# My truck started without a key



## Windows on Wash (Aug 30, 2011)

If the key was out and it started, the ignition interlock and switch is done. 

Be careful and post up and update. Get a voltmeter/test light and start from the bottom up.


----------



## rusty baker (Feb 13, 2009)

could be a short.


----------



## jpearson311 (Dec 29, 2009)

Windows on Wash said:


> If the key was out and it started, the ignition interlock and switch is done.
> 
> Be careful and post up and update. Get a voltmeter/test light and start from the bottom up.


What is the ignition interlock and what do you mean start from the bottom up? Thanks!

Jesse


----------



## danpik (Sep 11, 2011)

Sounds like a bad/stuck solenoid. The ignition interlock only allows the power to get to the solenoid via the ignition switch. The solenoid is simply a switch in the positive cable from the battery to the starter.
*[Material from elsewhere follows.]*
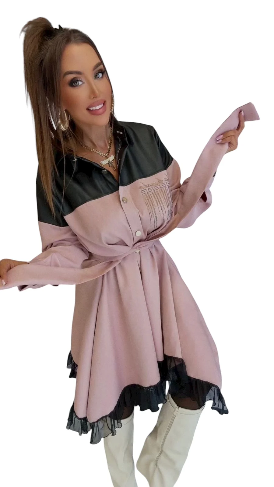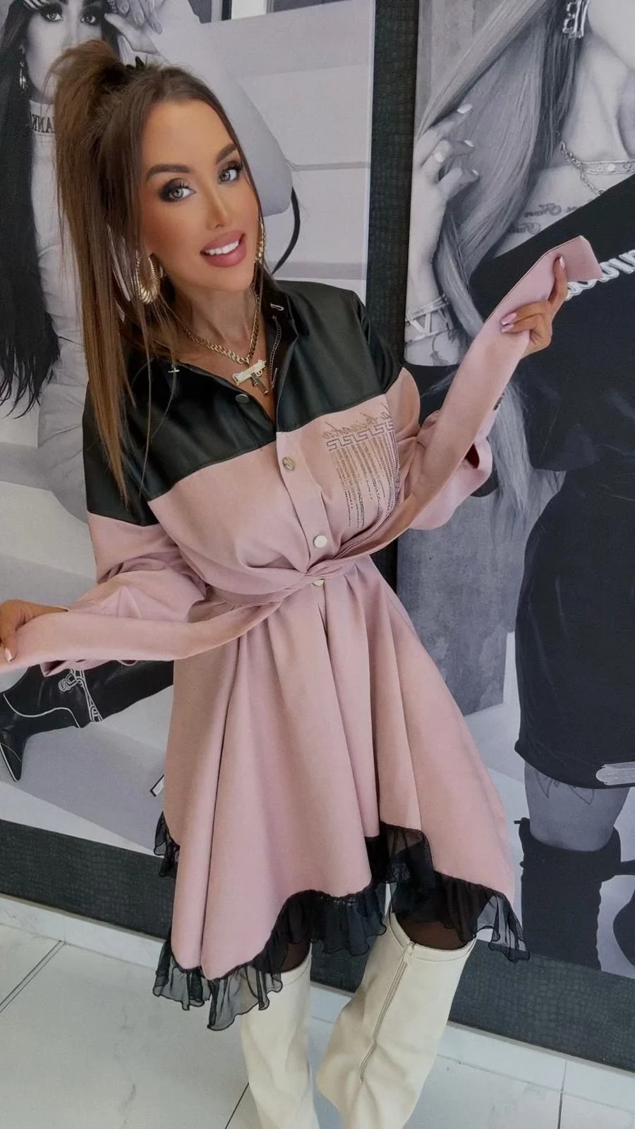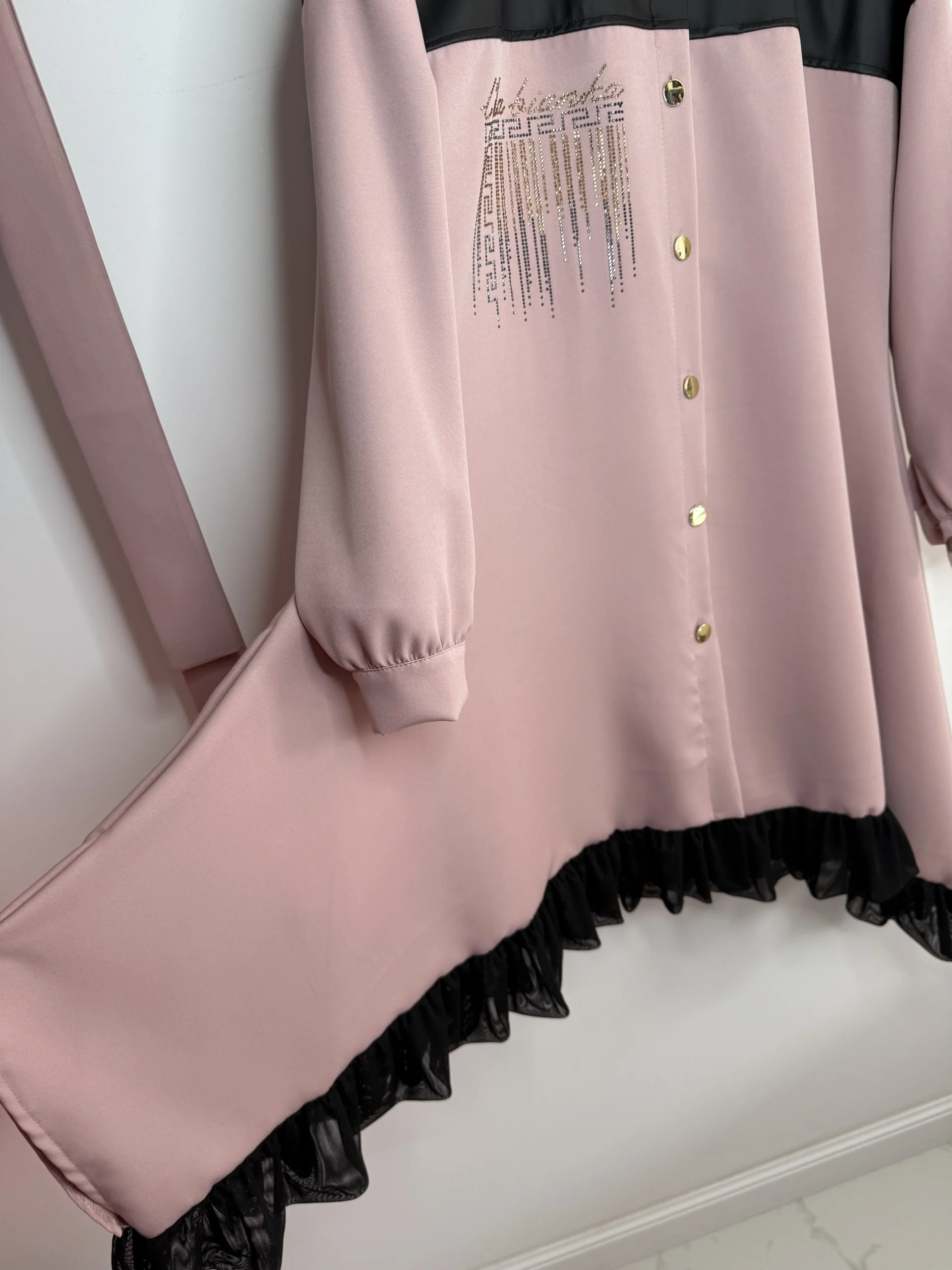 Zapinana na guziki, zdobiona cyrkoniami, na dole wykończona tiulem. Rękawek-mankiet z guzikiem. Pasek w zestawie.

To verify this, unhook the small "hot" wire from the solenoid and hook the battery back up. This is the wire that energizes the solenoid to complete/close the circuit. If it still turns over then the solenoid is stuck in the closed position. Pretty unusuall, but I have seen it happen. If it does not turn over, then the problem lies in the ignition switch circuit.


----------



## 47_47 (Sep 11, 2007)

Try to safely do as much troubleshooting while the problem is active.

With both ends of the battery disconnected, check for continuity across the solenoid. You can use a dvom and measure resistance. If the resistance is zero (continuity), the solenoid is stuck.

Let us know the results of this test and how many small leads the solenoid has connected.


----------



## joed (Mar 13, 2005)

The solenoid coil wire could be shorted activating the solenoid.


----------



## Willie T (Jan 29, 2009)

Dunno what it is, but I want to be your auto parts guy. I might sell you a whole engine next. :whistling2:


----------



## Maintenance 6 (Feb 26, 2008)

If you saw smoke on the drivers side, low, at the rear of the engine, then I would check the ignition switch. The actual electrical ignition switch is close to the floor, mounted on top of the steering column tube. A rod runs up to the key switch. There may be a short in the wiring near near that switch. I am assuming that the truck is stick shift, but if it's automatic, then the neutral safety switch at the base of the steering column too. You could have a short there. Unplug them and inspect the connectors. Look for any burned tape or wrapping.


----------



## beenthere (Oct 11, 2008)

I don't like this kind of thread. The Op has a dangerous situation going on. And with no update, we don't know if he got seriously injured. Or managed to fix it, and all is ok.


----------